# Mosaic from a single multitemporal dataset


The goal of this notebook is to provide an example of how to create a cloud-free mosaic from Sentinel-2 imagery over a specific area over a time period. We first use `satsearch` to search for Sentinel-2 data then combine them together using `stackstac`. A median operation will be applied to merge the images into a single layer that could be save off into Azure blob storage as COGs for later use.


## 1. Sentinel-2 Dataset

Satellite images (also Earth observation imagery, spaceborne photography, or simply satellite photo) are images of Earth collected by imaging satellites operated by governments and businesses around the world (see https://en.wikipedia.org/wiki/Satellite_imagery). Its major applications include Earth observation and land cover monitoring. 

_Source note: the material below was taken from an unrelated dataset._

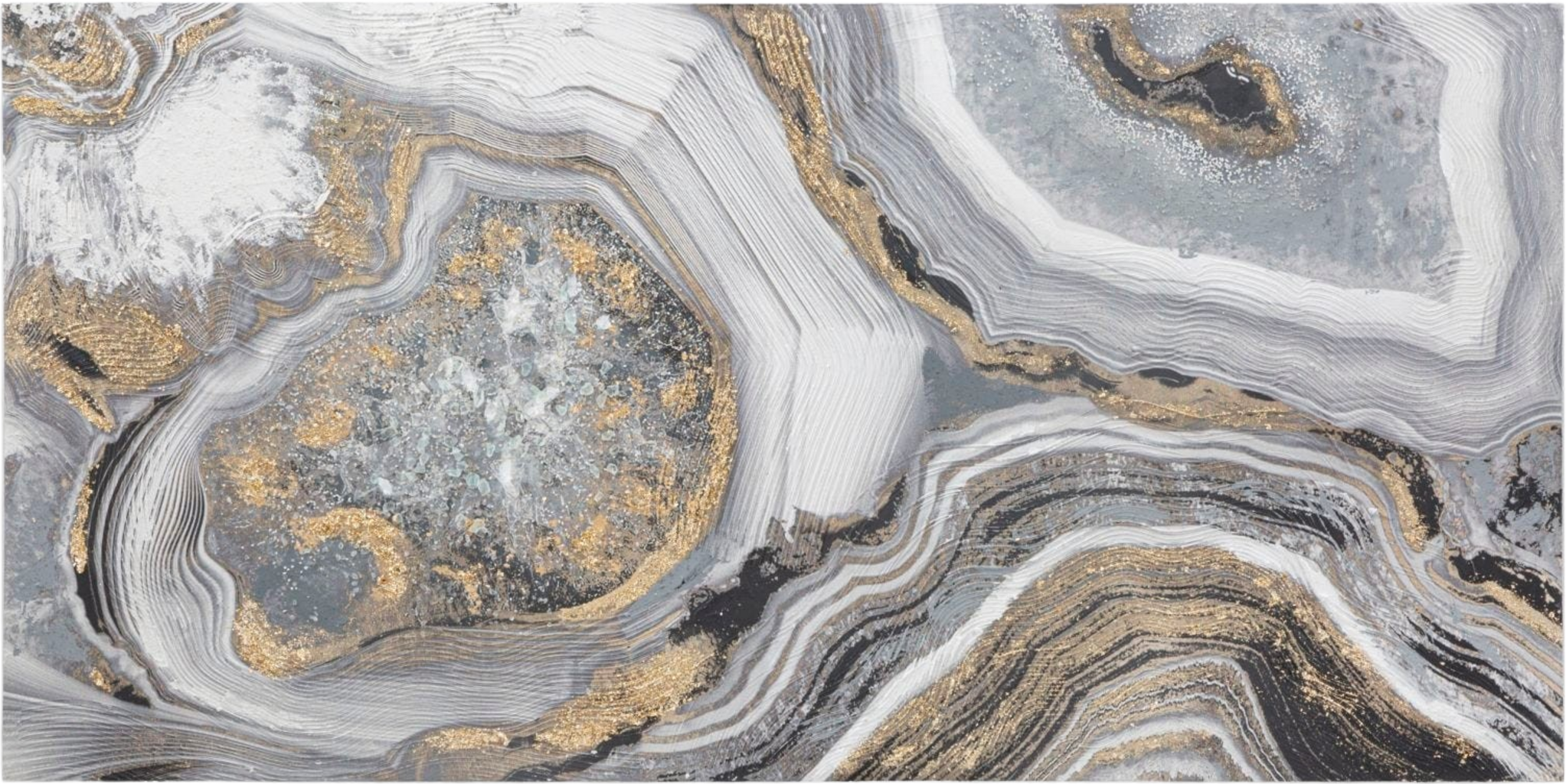 Il design richiama una suggestiva struttura geologica, come l'interno di una drusa preziosa o di una grotta segreta. Strati intrecciati di grigio raffinato, antracite e bianco crema creano un rilievo complesso, animato da splendide venature dorate e inserti scintillanti. Teso su un solido telaio in legno, questo quadro è un vero punto focale che fonde con stile natura e arte contemporanea.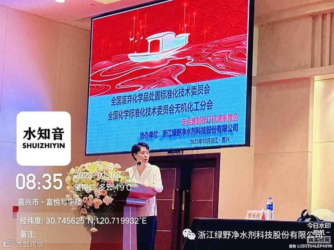 本次会议由全国废弃化学品处置标准化技术委员会、全国化学标准化技术委员会无机化工分会承办,浙江绿野净水剂科技股份有限公司协办。浙江绿野净水剂科技股份有限公司董事长俞明华女士作为废弃化学品标委会委员参加本次会议。

SENTINEL-2 (https://sentinel.esa.int/web/sentinel/user-guides/sentinel-2-msi/overview) is a wide-swath, high-resolution, multi-spectral imaging mission, supporting Copernicus Land Monitoring studies, including the monitoring of vegetation, soil and water cover, as well as observation of inland waterways and coastal areas.

## 2. Environment setup

Necessary libraries are listed as below

In [None]:
from dask_gateway import GatewayCluster
from dask_gateway import Gateway
from distributed import Client

from datashader import Canvas
from PIL import Image

import stackstac
from satsearch import Search

import xrspatial.multispectral as ms

Let's create a new cluster that configured to use Dask-Gateway, and a new client that executes all Dask computations on the cluster. And we can set the mode for the cluster to be adaptive mode so that it will resize itself automatically based on the workload.

In [None]:
cluster = GatewayCluster()  # Creates the Dask Scheduler. Might take a minute.
client = cluster.get_client()
cluster.adapt(minimum=8, maximum=100)

client

## 3. Load Sentinel 2 data

In this example, we use data from `sentinel-s2-l2a-cogs` collection within a bounding box of `[-97.185642, 27.569157, -95.117574, 29.500710]`, and the time range considered is from `2019-07-01` to `2020-06-30`. And the collected data has less than 25% cloud coverage.

In [None]:
items = Search(
    url="https://earth-search.aws.element84.com/v0",
    bbox=[-97.185642, 27.569157, -95.117574, 29.500710],
    collections=["sentinel-s2-l2a-cogs"],
    query={'eo:cloud_cover': {'lt': 25}},
    datetime="2019-07-01/2020-06-30"
).items()

len(items)

Let's combine all the above STAC items into a lazy xarray with following settings:
- projection: epsg=32613
- resolution: 100m
- bands: red (B04), green (B03), blue (B02)

In [None]:
stack_ds = stackstac.stack(
    items, epsg=32613, resolution=100, assets=['B04', 'B03', 'B02']
)

stack_ds

We can get a median composite for each month in the considered period of time:

In [None]:
monthly = stack_ds.resample(time="MS").median("time", keep_attrs=True)
monthly.data = monthly.data.rechunk(1024, 1024)
monthly

## 4. Cloud-free scene using median operator

In this step, we use a median operation to merge all monthly images into 1 single cloud-free layer. With an assumption that, along a multitemporal stack, clouds would not persist at the same geographical position from time to time (i.e image to image), the more data we have, the higher chance of dropping clouds.

In [None]:
median_scene = monthly.median(dim=['time'])
median_scene.data = median_scene.data.rechunk(2048, 2048)
median_scene

## 5. Downsample for visualization

With 3 bands: red, green, blue, let's see visualize the cloud-free scene we just constructed using the `true_color` function from `xrspatial.multispectral module`

In [None]:
h, w = 600, 800
canvas = Canvas(plot_height=h, plot_width=w)
resampled_agg = canvas.raster(median_scene)

resampled_agg

`true_color` function takes 3 bands: red, green, blue as inputs and returns a PIL.Image object

In [None]:
image = ms.true_color(resampled_agg[2], resampled_agg[1], resampled_agg[0])
image

Compute the image and visualize with PIL Image

In [None]:
image = image.compute()

Image.fromarray(image.data, 'RGBA')

Finally, close the client and the cluster.

In [None]:
client.close()
cluster.close()